How to Identify Snakes by Their Markings


Snakes can be identified in many ways: geographical location, habitat, size, shape, texture, behavior or even scale type. Their markings, however, are key to identifying the particular species to which they belong. Snakes come in a variety of colors with diverse patterns rivaling tropical fish and birds in their brilliance and symphony of interlocking shapes. Snakes can run the gamut from having a single uniform color such as the green tree pit viper or northern black racer, to the intracacies of the oriental carpet-like Kirtlands snake or Gaboon viper. Common pattern types include stripes, bands, spots, blotches or geometric shapes.

Things You'll Need

  • Field guide
  • Consult a field guide to identify snakes by their markings. Look for a field guide in your local bookstore, library or nature center.

  • Go online to a regional (statewide) website that organizes snake species by color and patterns to familiarize yourself with identifying markings.

  • Identify snakes with uniform (solid) colors commonly black, brown, tan, orange, yellow, gray, blue or green. These snakes are easiest to identify because they have no markings.

  • Identify snakes that have spots (small rounded marks usually without a border), blotches (large squarish or irregular-shaped markings, frequently with dark borders) or speckles (small flecks of color).

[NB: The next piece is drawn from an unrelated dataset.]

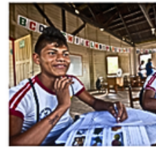
Jornada regular, com progressão e conclusão na idade adequada
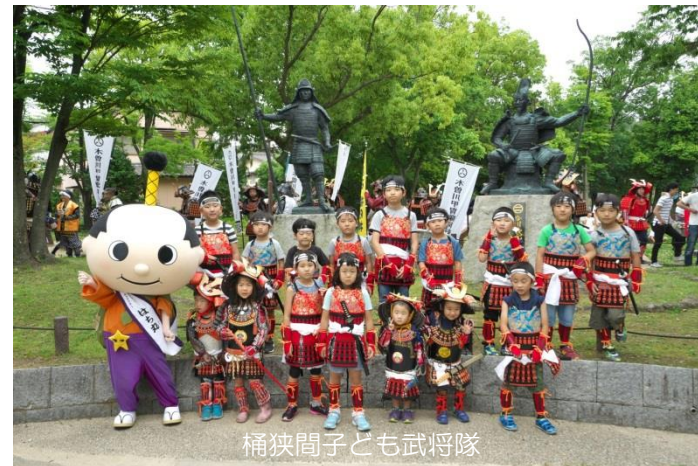
桶狭間子ども武将隊

  • Identify snakes by their cross bands (running across the back and down the sides) or stripes (lines running lengthwise).

  • Identify snakes by their diamond patterns often with dark borders or dark and light borders.

Tips & Warnings

  • Many times the patterns on the dorsal side (back) or belly are different. Familiarize yourself with the markings on both sides of the snake's body.
  • On some species, the color may be darker on the head and neck and become lighter on the back.
  • The smaller field guides that fit into a backpack or glove compartment can be taken with you on snake-identification expeditions.
  • Many snakes, including the seemingly harmless garter snake, will attempt to bite or strike if disturbed. Observe at a safe distance when identifying markings.